*Problem to solve*
Using the records below, quote only the span that opens with the line containing "Ahşap Kapı Süsü" and closes with the line containing "Pennzoil Ultra Platinum", exactly and inclusively.

*Provided records*

Start of Block

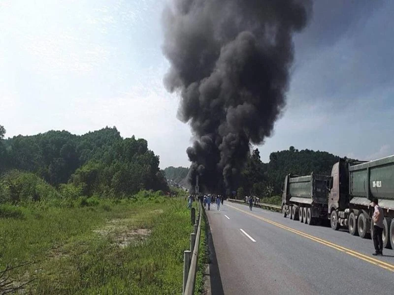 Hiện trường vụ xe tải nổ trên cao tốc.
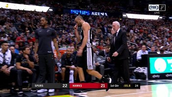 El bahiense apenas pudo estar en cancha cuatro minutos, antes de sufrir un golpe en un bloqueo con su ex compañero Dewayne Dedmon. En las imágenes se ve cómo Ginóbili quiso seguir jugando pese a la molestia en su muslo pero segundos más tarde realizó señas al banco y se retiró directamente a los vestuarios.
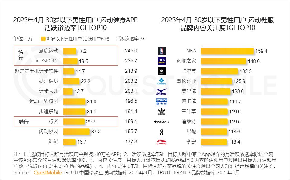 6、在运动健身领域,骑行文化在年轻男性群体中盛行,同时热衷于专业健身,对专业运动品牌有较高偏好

End of Block
Start of Block

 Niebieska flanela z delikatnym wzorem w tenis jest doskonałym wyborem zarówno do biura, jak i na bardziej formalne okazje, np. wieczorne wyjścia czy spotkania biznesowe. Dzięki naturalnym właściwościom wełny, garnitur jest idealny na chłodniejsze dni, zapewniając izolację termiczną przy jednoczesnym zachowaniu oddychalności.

End of Block
Start of Block

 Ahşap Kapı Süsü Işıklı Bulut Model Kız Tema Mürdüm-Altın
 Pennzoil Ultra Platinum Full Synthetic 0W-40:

End of Block

*Exercise result*
 Ahşap Kapı Süsü Işıklı Bulut Model Kız Tema Mürdüm-Altın
 Pennzoil Ultra Platinum Full Synthetic 0W-40:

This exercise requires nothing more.